It seems like the Office of the Privacy Commissioner is sometimes the last to know about law enforcement initiatives that have clear privacy implications. For example, the RCMP soliciting facial recognition technology, or a prison using a Stingray-like device. Do you have a plan to change this?

On the RCMP device, we found out after the fact that the RCMP was sending out tenders for companies that might have this equipment without, they say, the intention in the short term to use facial recognition. So, that's a nuance on the facts.

On playing catch-up, we can only advise on issues that we're informed on. That's in part why I said in the recommendations to amend the Privacy Act that federal institutions—departments and agencies—should have a legal obligation to inform the Privacy Commissioner's office of initiatives, programs, that involve privacy. Currently, it's under a policy that this is done, and often we see that the policy is not necessarily respected.

If this became a legal obligation, as it exists in certain jurisdictions—and some of them in Canada, provincially—we think it's more likely that we will be informed.

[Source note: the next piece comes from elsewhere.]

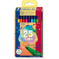 Rotulador de diseño triangular ergonómico para escribir sin cansarse, tinta ANTISECADO: puede permanecer destapado durante días sin secarse, punta de fibra resistente a la presión, tinta base agua, fácilmente lavable en la mayoría de tejidos, capuchón ventilado, cuerpo de polipropileno (PP), ancho de línea 1,0 mm. Estuche de cartón con 10 rotuladores, colores surtidos. Estuche de cartón, con un mínimo del 80% de cartón reciclado. Características: -Rotulador de punta de fibra de diseño triangular ergonómico para una escritura y dibujo fácil y relajada. -Punta estable, resistente a la presión. -Capuchón ventilado, según la ISO 11540 y BS 7272-1/2. -DRY SAFE - puede permanecer destapado durante días sin secarse (Test ISO 554). -Tinta base agua. -Lavable fácilmente en la mayoría de tejidos. -El cuerpo y el capuchón en PP garantizan una larga vida del producto. -Ancho de línea 1.0 mm aprox.

Returning to your point about warrantless access, we saw in a recent investigation by Motherboard and VICE News that the RCMP acquired the global decryption key for any and all consumer BlackBerry devices. We have no reason to believe that any of this was done without a warrant or legal consent. If the law allows this to take place, is the law too permissive?

That's certainly possible.

When Bill C-13 was before the house, I made comments along those lines. This was a bill that purported and did actually provide additional powers to law enforcement, which we said did not have the right threshold in terms of reasonable grounds to believe that a certain criminal act was committed before certain powers were used. It is absolutely possible.

But here, in these situations, we do know, because the introduction of legislation is a very public act. We can intervene and make comments. We would obviously prefer that our advice was heeded more often, but at least there we have the opportunity to make comments.

And yes, sometimes the government goes too far in the legislation that it puts forward.